First screen (two view mammography) | Subsequent screens (single view mammography) | |
---|---|---|
Age trial | 73.6 | 55.2 |
Model D | 73.6 | 55.3 |
Model E | 72.5 | 55.7 |
Model M* | - | - |
Model S | 75.5 | 59.0 |
Model W | 67.7 | 59.6 |
Model M is a Bayesian without a natural history part and a woman’s disease status is unknown. As a result sensitivity is not applicable. Model M simulates screen- and clinically-detected incidences without knowing the true disease status.

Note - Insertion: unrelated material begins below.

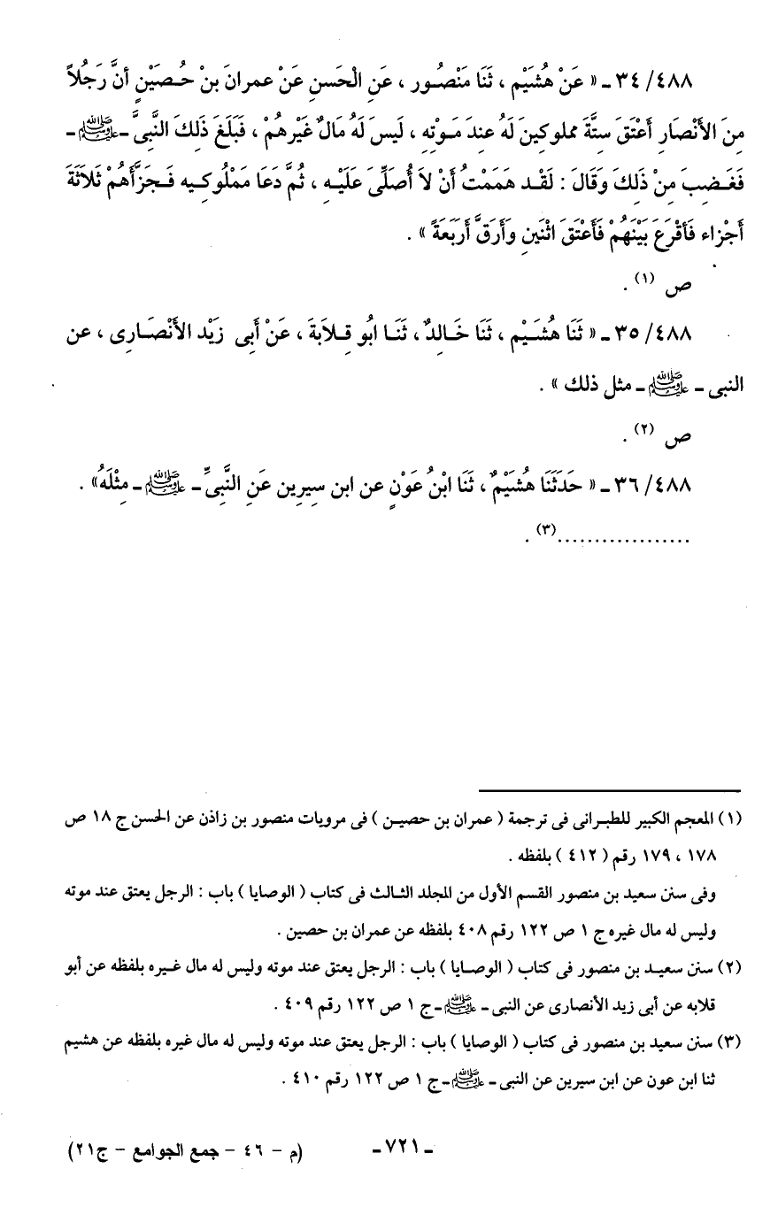 488/ 34 - "عَنْ هُشَيْم، ثَنَا مَنْصُور، عَنِ الْحَسنِ عَنْ عمرانَ بنْ حُصَيْنٍ أنَّ رَجُلًا مِنَ الأَنْصَارِ أَعْتَقَ سِتَّةَ مملوكِينَ لَهُ عنِدَ مَوْتِهِ، لَيسَ لَهُ مَالٌ غَيْرهُمْ، فَبَلَغَ ذَلِكَ النَّبِىَّ - صلى الله عليه وسلم - فَغَضِبَ مِنْ ذَلِكَ وَقَالَ: لَقْد هَمَمْتُ أَنْ لَا أُصَلِّى عَلَيْهِ، ثُمَّ دَعَا مَمْلُوكِيه فَجَزَّأَهُمْ ثَلَاثَةَ أَجْزاء فَأقْرَعَ بَيْنَهُمْ فَأَعْتَقَ اثْنَينِ وَأَرَقَّ أَربَعَةً".

Sensitivity of screening and screen detection is modeled differently in various models. In the continuous tumor growth models E, S, and W screen detection of tumors is simulated by transforming sensitivity to a threshold tumor size at which tumors can be screen detected. On the other hand, model D uses sensitivity of screening by simulating a shift to a less-advanced stage of breast cancer.
Breast cancer mortality
Among breast cancers diagnosed between ages 40 to 49, the Age trial found a total of 83 breast cancer deaths in the first 10 years of follow-up in the intervention arm (16 breast cancer deaths per 100,000 women) and 219 breast cancer deaths in the control arm (21 per 100,000 women). At 10-year follow-up, the rate of breast cancer deaths per 100,000 women predicted by the models was 20 on average (range across models 17 to 22) in the intervention arm, and 23 (range across models 20 to 25) in the control arm (Table 5). The number of breast cancer deaths predicted by the different models consistently somewhat higher in both arms than in the trial.
Table 5.
Mammograms per woman | Breast cancer deaths per 100,000 women | Rate ratio BC deaths | Breast cancer ** mortality reduction | ||
---|---|---|---|---|---|
intervention group | control group | ||||
Age trial | 4.84 | 16 | 21 | 0.75 | 25% (3 to 42%) * |
Model average | 5.23 | 19 | 23 | 0.85 | 15.3% [range 13–17%] |
Model D | 5.30 | 17 | 20 | 0.83 | 17.0% |
Model E | 4.90 | 20 | 25 | 0.83 | 16.9% |
Model M | 5.43 | 20 | 23 | 0.86 | 13.6% |
Model S | 5.29 | 22 | 25 | 0.87 | 13.2% |
Model W | 5.23 | 19 | 22 | 0.84 | 16.0% |
95% confidence interval in parentheses
The Age trial measured the effect of annual screening of women aged 40 to 49 on breast cancer mortality. Therefore, the trial and the simulation models excluded breast cancer deaths that occurred in women diagnosed with breast cancer before age 40 and after age 49.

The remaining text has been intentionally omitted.